Records contained in a dataset
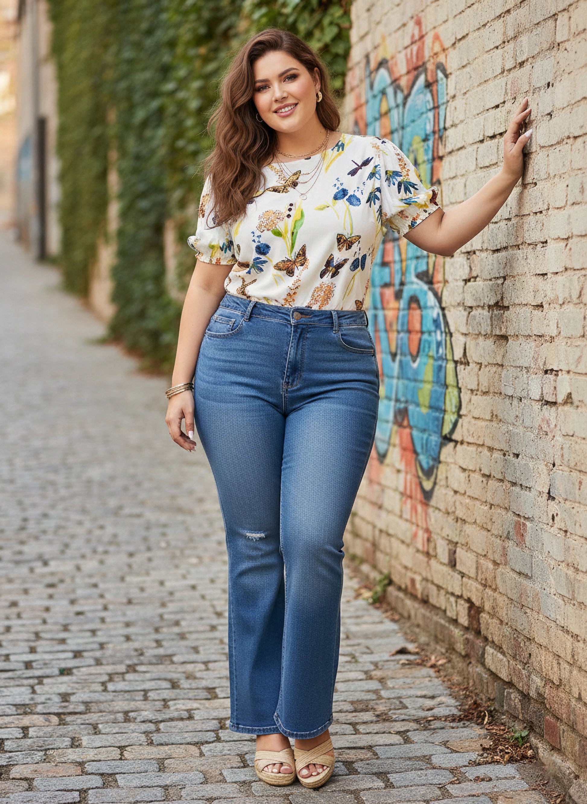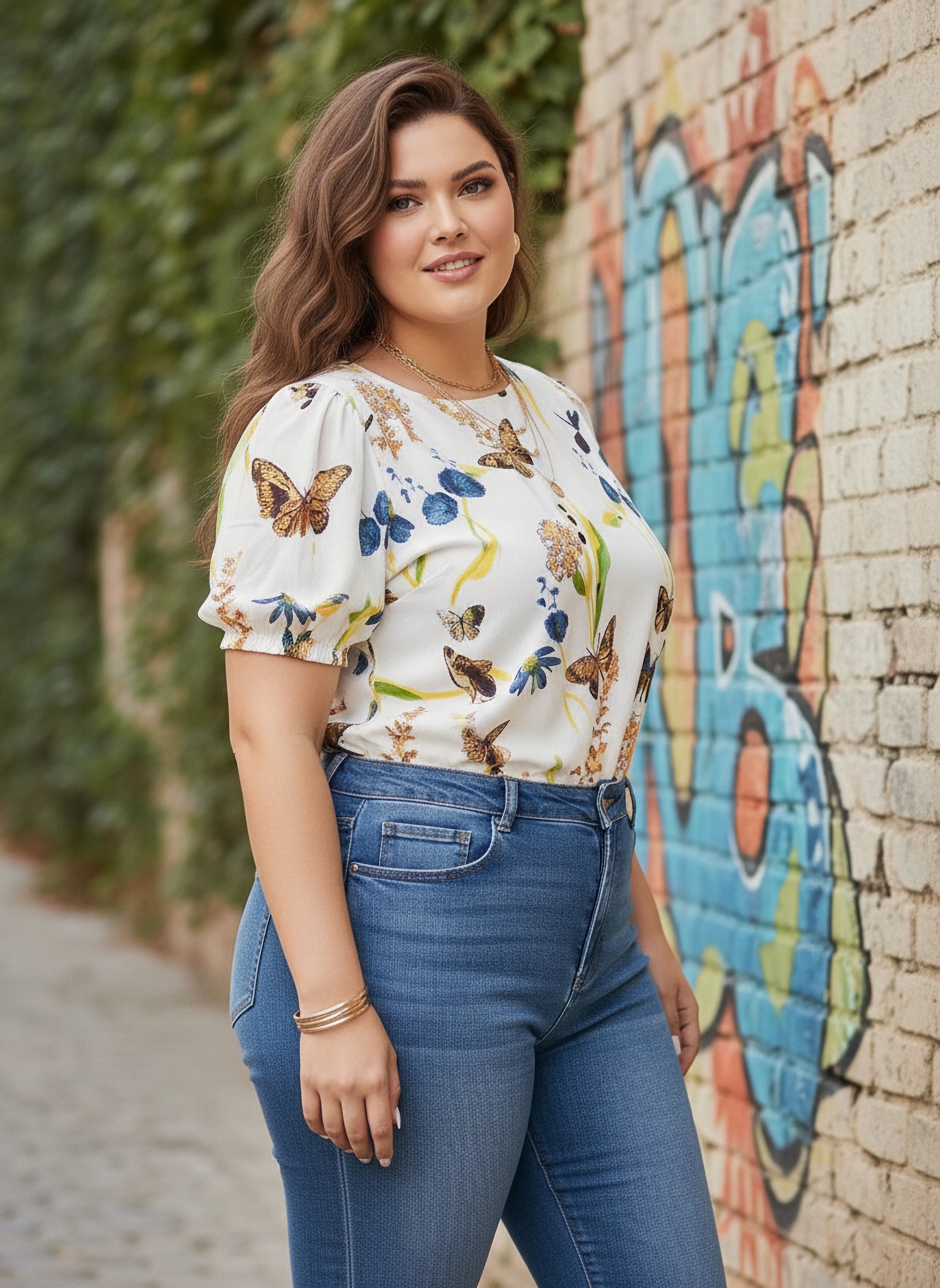 Introducing the Berrylush Curve White & Multicolour Nature Printed Top – a delightful blend of style and comfort. Crafted with soft, breathable viscose rayon, this top features a vivid nature-inspired print that brings a fresh vibe to any outfit. The stylish round neckline and eye-catching back cutout with an adjustable tie-up closure add unique touches to this smart casual attire. Short puff sleeves enhance its playful charm while ensuring ease of movement. Perfect for various occasions, it promises both elegance and versatility in your wardrobe!
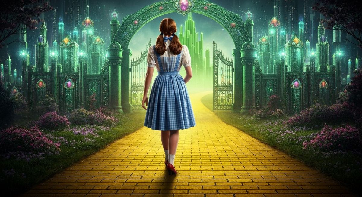 This image shows a double exposure artwork of Dorothy on the yellow brick road to the Emerald City. It is a fantasy silhouette with intricate details.
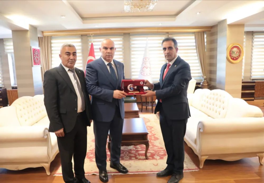 Anadolu Doğubayazıt Ölümsüz Kahramanlar Sosyal Yardımlaşma ve Dayanışma Dernek Başkanı Selahattin Akkuş ve Dernek Başkan Yardımcısı Zeki Gözegir Ağrı Valisi Mustafa Koç’u makamında ziyaret ettiler.
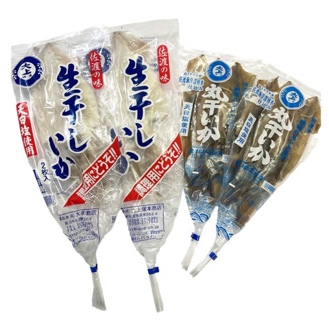 「佐渡 天日塩使用 イカづくし 2種 詰め合わせ」は、生干しいか、丸干いかのセットです。ご飯のおかず、おつまみ、お酒のお供などにおすすめです。
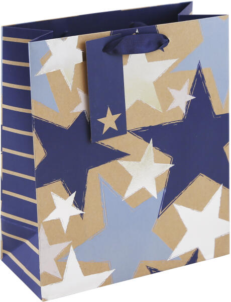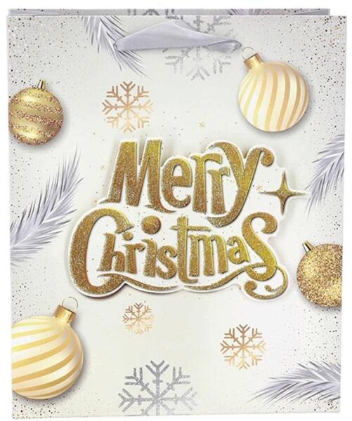 Dísztasak CREATIVE Simple S 23,5x19,5x8 cm karácsonyi feliratos 3D glitteres szalagfüles Papír ajándéktasak, matt felületű, 3D-s és glitteres. 12 db/csomag, 4 minta/csomag. A minta nem választható.
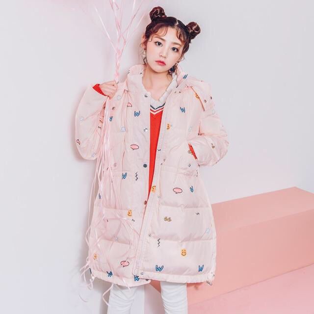 为什么从羽绒服开始,因为羽绒服是卖萌的利器啊。大概是与生俱来的蓬松感在作祟,羽绒服特别有卖萌的潜质。某种程度上,和布娃娃有的一拼,稍微来点儿印花的装饰就更像了,活脱脱一个玩偶。
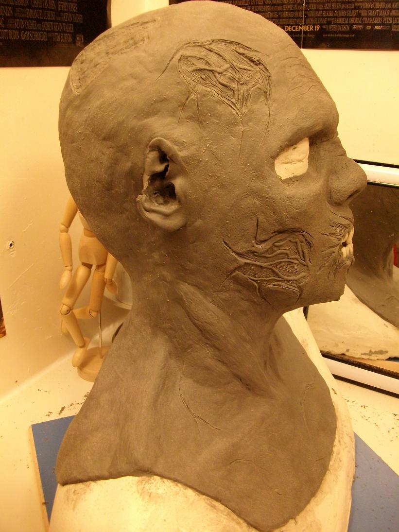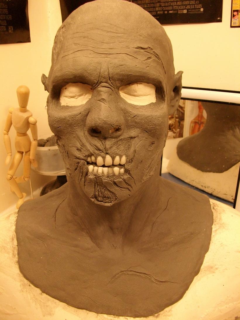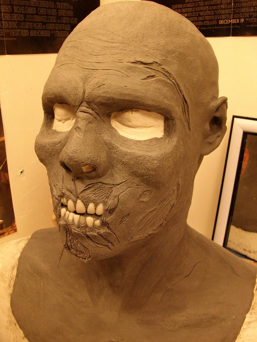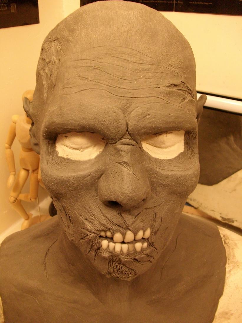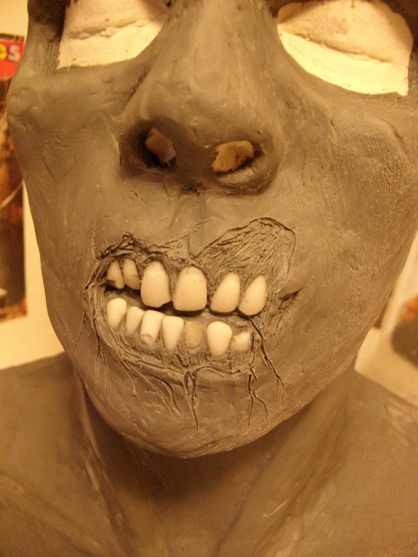 - la plaie de la bouche me dérange un peu car les dents semblent toujours posées sur la bouche fermée de quelqu'un. C'est à cause, je pense, de la forme de la plaie autour qui - si ça fonctionne mieux en bas - ne fonctionne pas trop en haut. Il n'y a pas assez de profondeur pour qu'on comprenne que la bouche a été arrachée.Il faudrait rajouter de la matière "peau éclatée" autour de la plaie (regarde la sculpture de la "bicyclette girl" de Walking Dead, l'idée est la même car il a fallu "tricher" l'effet de lèvres manquantes sur une bouche normale). Pour ça, tu pourrais rajouter du menton, en pensant à la forme de l'os en dessous.
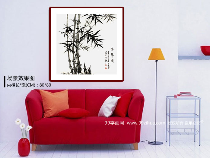 【作品简评】(99字画网艺术评论员路丰)自古中国人对居住环境有相当高雅的品味,故有家居装饰之谈。现如今,国画已经普及千家万户,用它装饰家居不仅高贵档次,而且富有风水之含义;而竹子代表着超凡脱俗,清新高雅,是家居装饰画首选。竹,秀逸有神韵,纤细柔美,四季常青,象征青春永驻。这幅《高节图》写春天竹子潇洒挺拔,高风亮节,清丽俊逸,翩翩君子风度;竹子象征柔中有刚的做人原则,凌云有意、强项风雪、偃而犹起,竹节必露,竹梢拔高,比喻高风亮节,品德高尚不俗,生而有节,视为气节的象征。
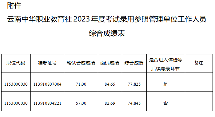 根据云南省2023年度考试录用公务员工作安排,笔试、面试工作已经结束,现将报考云南中华职业教育社参照管理单位工作人员考生综合成绩及后续工作安排公告如下。
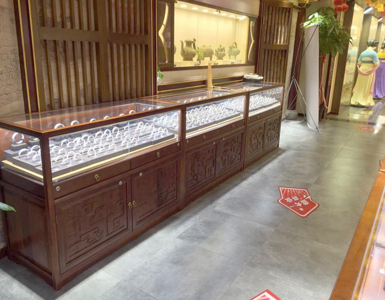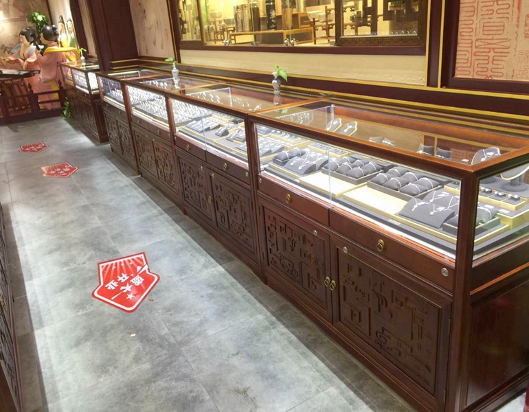 店铺名称: 西安子佩集 店铺类型: 珠宝展柜 是否定制: 是 制作尺寸: (常规)尺寸可订做,可按要求设计出效果图 制作材质: 实木定制+钢化玻璃+LED灯+雕花+五金+绒布 安装地点: 西安 服务内容: 设计+制作+安装 物流方式: 运输
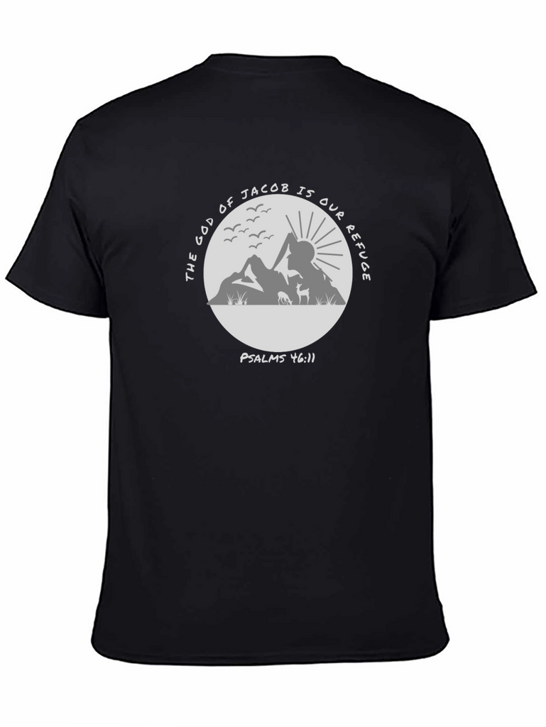 Embrace faith and style with this unique t-shirt. It features a round graphic design with 'The God of Jacob is Our Refuge' encircling a serene mountain scene. Complete with the text "Psalms 46:11", this shirt is made from a soft, comfortable fabric, perfect for everyday wear. It's a wearable expression of faith and peace. This t-shirt will make a meaningful addition to your wardrobe. Wear it to church, casual outings, or as a reminder of strength and hope.
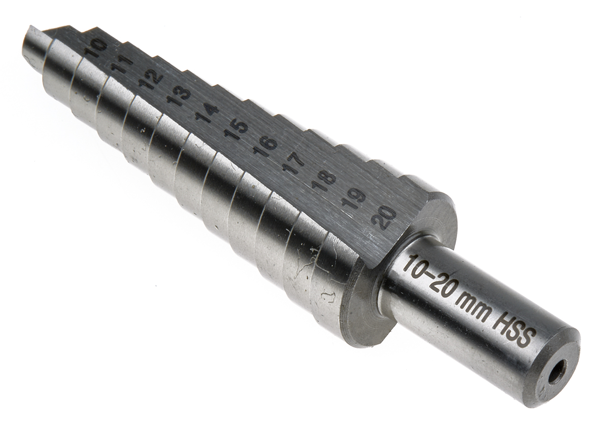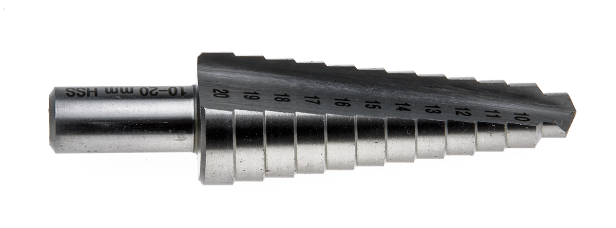 This is HSS 10 → 20mm Step Drill Bit 11 Steps manufactured by RS Pro. The manufacturer part number is 232-579. It has a/an step drill bit type drill bit . It has a minimum 10mm size head . The product is made from highly stable and reliable hss. In addition, the number of steps are 11 . It has a maximum 20mm size head .
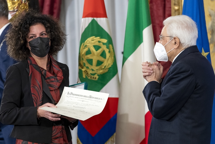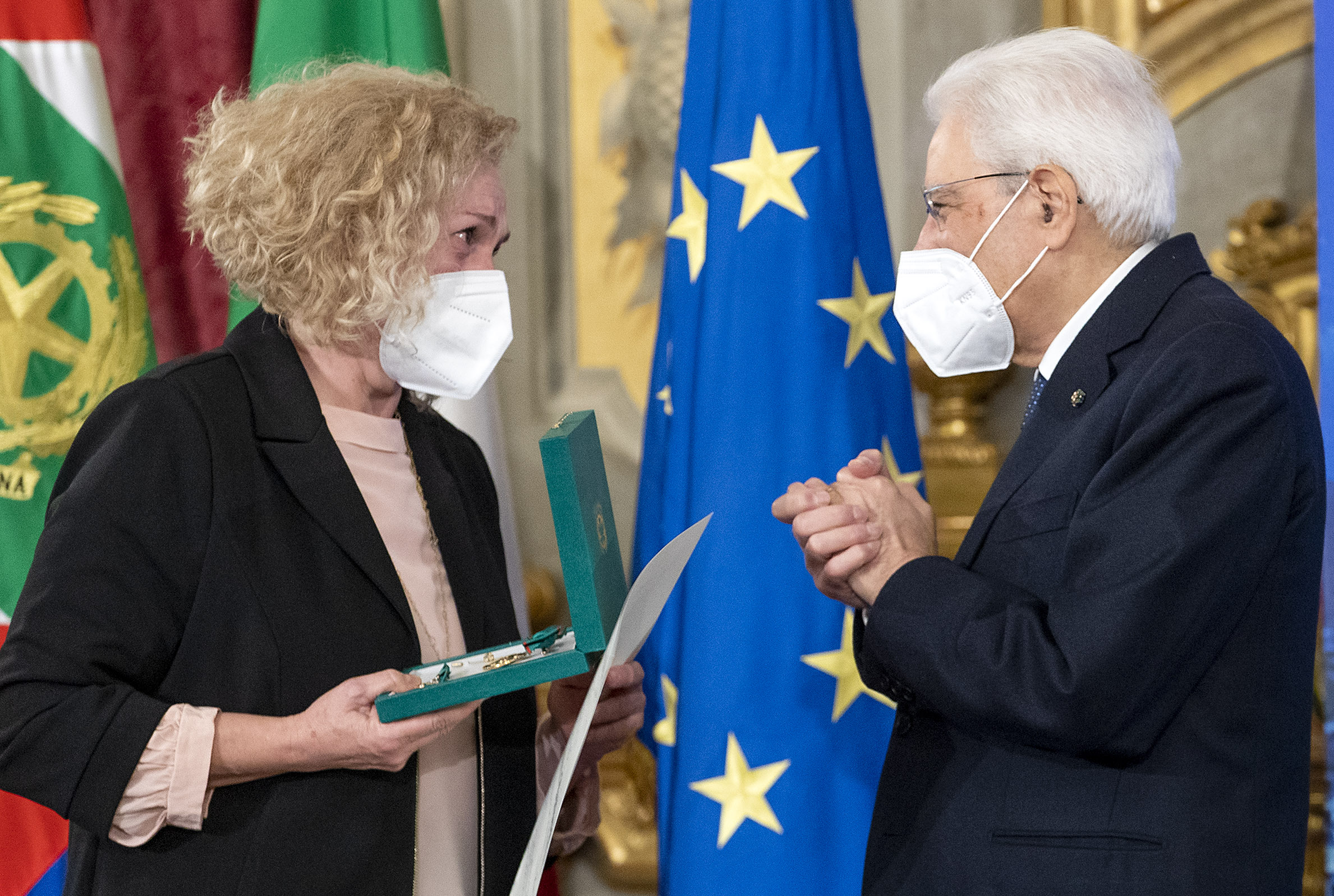 Il Presidente Sergio Mattarella consegna l'onorificenza OMRI “motu proprio” a Cristina Zambonini

**INSTRUCTIONS TO FOLLOW**
Pictures stay out. Print the data exactly, from its first line through the line containing "イカづくし 2種 詰め合わせ」は、生干しいか、丸干いかのセットです。ご飯のおかず、おつまみ、お酒のお供などにおすすめです。".

**ANSWER BOX**
 Introducing the Berrylush Curve White & Multicolour Nature Printed Top – a delightful blend of style and comfort. Crafted with soft, breathable viscose rayon, this top features a vivid nature-inspired print that brings a fresh vibe to any outfit. The stylish round neckline and eye-catching back cutout with an adjustable tie-up closure add unique touches to this smart casual attire. Short puff sleeves enhance its playful charm while ensuring ease of movement. Perfect for various occasions, it promises both elegance and versatility in your wardrobe!
 This image shows a double exposure artwork of Dorothy on the yellow brick road to the Emerald City. It is a fantasy silhouette with intricate details.
 Anadolu Doğubayazıt Ölümsüz Kahramanlar Sosyal Yardımlaşma ve Dayanışma Dernek Başkanı Selahattin Akkuş ve Dernek Başkan Yardımcısı Zeki Gözegir Ağrı Valisi Mustafa Koç’u makamında ziyaret ettiler.
 「佐渡 天日塩使用 イカづくし 2種 詰め合わせ」は、生干しいか、丸干いかのセットです。ご飯のおかず、おつまみ、お酒のお供などにおすすめです。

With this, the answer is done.